Photo de Rubenstein Rebello sur Pexels.com

« ghosting »

        Le souci avec les fantômes, c’est qu’ils ne s’en vont jamais complètement, tu vois ? ils collent aux basques avec tous les souvenirs qui crachotent en fond sonore, comme une vieille radio oubliée dans un placard. 

       Il n’y a même pas de mot dans ma langue pour décrire ceux que tu m’as refusés, il n’y a que celui-là, « ghosting », qui soit disponible pour recevoir mon histoire qui a cessé d’en être une. 

Mon histoire et des milliers d’autres, notre histoire parmi toutes celles des autres.

Vous qui les aimez après nous, vous n’avez pas le droit de nous interdire, vous n’avez pas le droit de piétiner le passé, vous n’avez pas le droit de noyer qui nous sommes dans les puits. 

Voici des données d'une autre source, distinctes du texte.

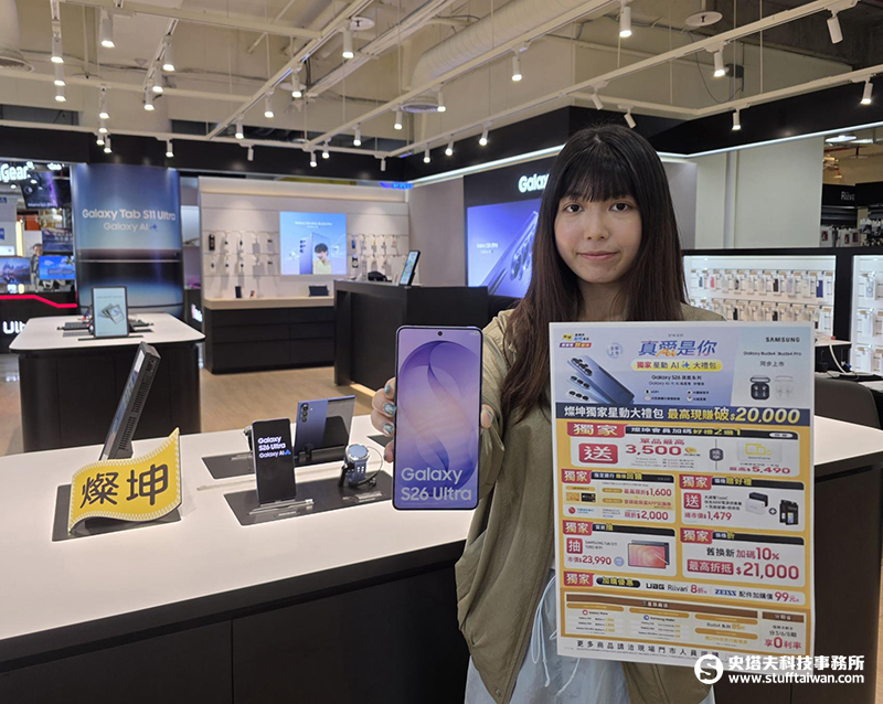 SAMSUNG於上月(26)日發表全新一代的Galaxy S26旗艦手機系列,包含頂規的S26 Ultra、S26+與S26三款新機,並於3月18日正式在台開賣。燦坤同步搶攻新機上市熱潮,即日起至3月31日,只要到全台燦坤門市購買Galaxy S26旗艦手機系列送燦坤獨家「真愛是你 星動AI大禮包」 最高現賺破2萬,詳情可洽燦坤門市。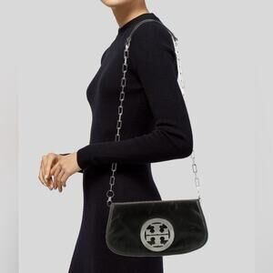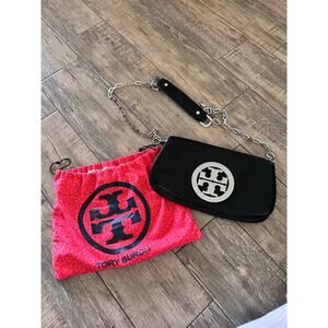 Tory Burch Women's Black Reva Flap Chain Leather Logo Crossbody Bag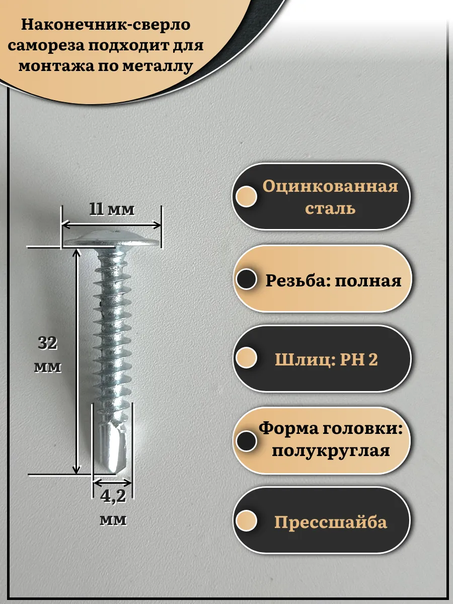 Саморез с прессшайбой сверло, 4,2х32 ОЦ (Россия), 50 шт.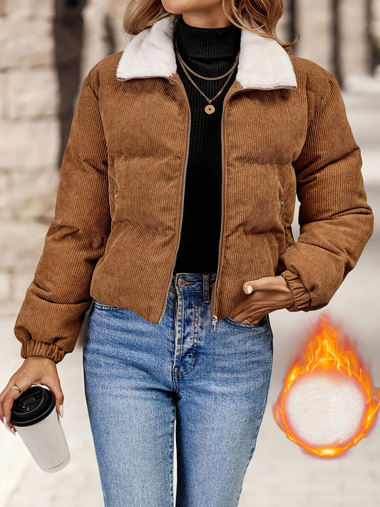 Էլեգանտ պոլիեսթերային բարձիկով կանացի բաճկոն - 2024 թվականի նորաձև կարճ միագույն վերարկու՝ հաստ արհեստական մորթուց օձիքով, երկար թևքերով, կայծակաճարմանդով, գործված - Ձմեռային ջերմություն, առօրյա վերնազգեստ

Vous qui partez comme des voleurs, des voleuses. Parlez, hurlez, criez, pleurez, déchirez-vous dans un bruit fracassant. Les mots qui heurtent, dites-les. Les portes qui claquent, claquez-les. 

Ne partez pas sur la pointe des pieds. Ne mourrez pas dans nos vies, vous vivrez bien trop fort dans nos têtes. 

Vous n’avez pas le droit, parce que derrière l’écran resté vide, la sonnerie qui retentit dans le néant, les explications qui ne viendront jamais et qu’on tentera toujours de deviner, il y a des êtres humains, qui essayeront de trouver la paix que vous leur avez volée. 

Vous n’avez pas le droit parce que les histoires avortées ne déchirent pas seulement le présent, elles froissent le papier sur lequel continue à s’écrire le futur.